Well, this is some worrying news: based on this study of 13 million people in Nature Medicine, COVID-19 vaccines only reduce Long Covid risk by 15%, with the largest risk reduction in blood clots and pulmonary sequelae, but less protection of other organ systems. Also, post-vaccination, immunocompromised people have a higher risk of Long Covid than others. As the author says: “Now that we know that vaccines are not sufficient as a sole line of defense, we need to urgently develop and deploy additional layers of protection to reduce risk of Long Covid. These may include vaccines specifically designed to reduce risk of Long Covid, and therapeutics that could be taken in the acute phase to reduce risk. Paxlovid and other antivirals must be urgently tested in trials for Long Covid.” (via Akiko Iwasaki)

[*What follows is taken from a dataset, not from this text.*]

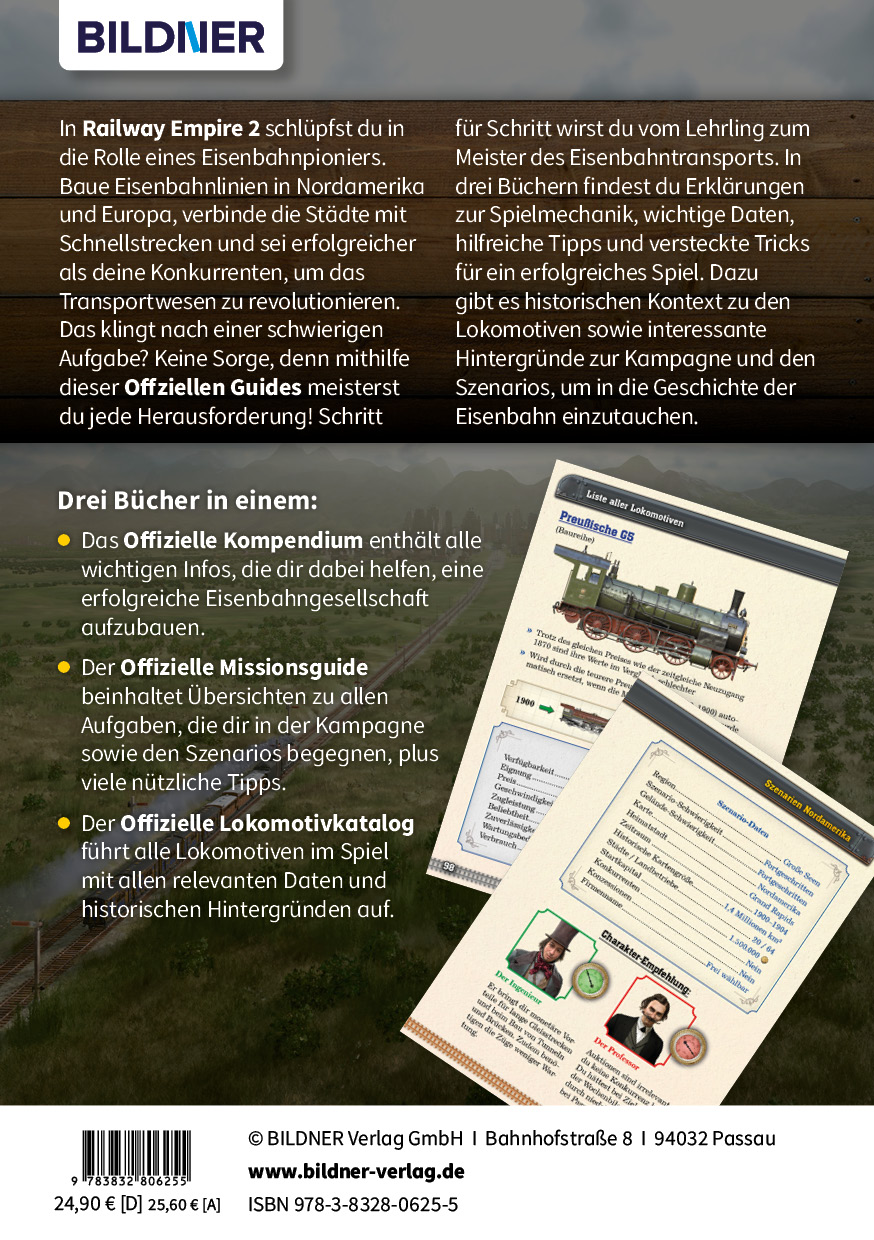 lt;p>In Railway Empire 2 schlüpfst du in die Rolle eines Eisenbahnpioniers. Baue Eisenbahnlinien in Nordamerika und Europa, verbinde die Städte mit Schnellstrecken und sei erfolgreicher als deine Konkurrenten, um das Transportwesen zu revolutionieren. Das klingt nach einer schwierigen Aufgabe? Keine Sorge, denn mithilfe dieser Offziellen Guides meisterst du jede Herausforderung! Schritt für Schritt wirst du vom Lehrling zum Meister des Eisenbahntransports. In drei Büchern findest du Erklärungen zur Spielmechanik, wichtige Daten, hilfreiche Tipps und versteckte Tricks für ein erfolgreiches Spiel. Dazu gibt es historischen Kontext zu den Lokomotiven sowie interessante Hintergründe zur Kampagne und den Szenarios, um in die Geschichte der Eisenbahn einzutauchen.

New PNAS paper, discussed in this week’s TWiV episode — _The risk of COVID-19 death is much greater and age dependent with type I IFN autoantibodies_:
There is growing evidence that pre-existing autoantibodies neutralizing type I interferons (IFNs) are strong determinants of life-threatening COVID-19 pneumonia. It is important to estimate their quantitative impact on COVID-19 mortality upon SARS-CoV-2 infection, by age and sex, as both the prevalence of these autoantibodies and the risk of COVID-19 death increase with age and are higher in men. Using an unvaccinated sample of 1,261 deceased patients and 34,159 individuals from the general population, we found that autoantibodies against type I IFNs strongly increased the SARS-CoV-2 infection fatality rate at all ages, in both men and women. Autoantibodies against type I IFNs are strong and common predictors of life-threatening COVID-19. Testing for these autoantibodies should be considered in the general population.I would have thought that type I interferons are a fairly critical part of the immune system, and the idea that people are happily walking about with autoantibodies to them is pretty crazy, but that seems to be the implication here.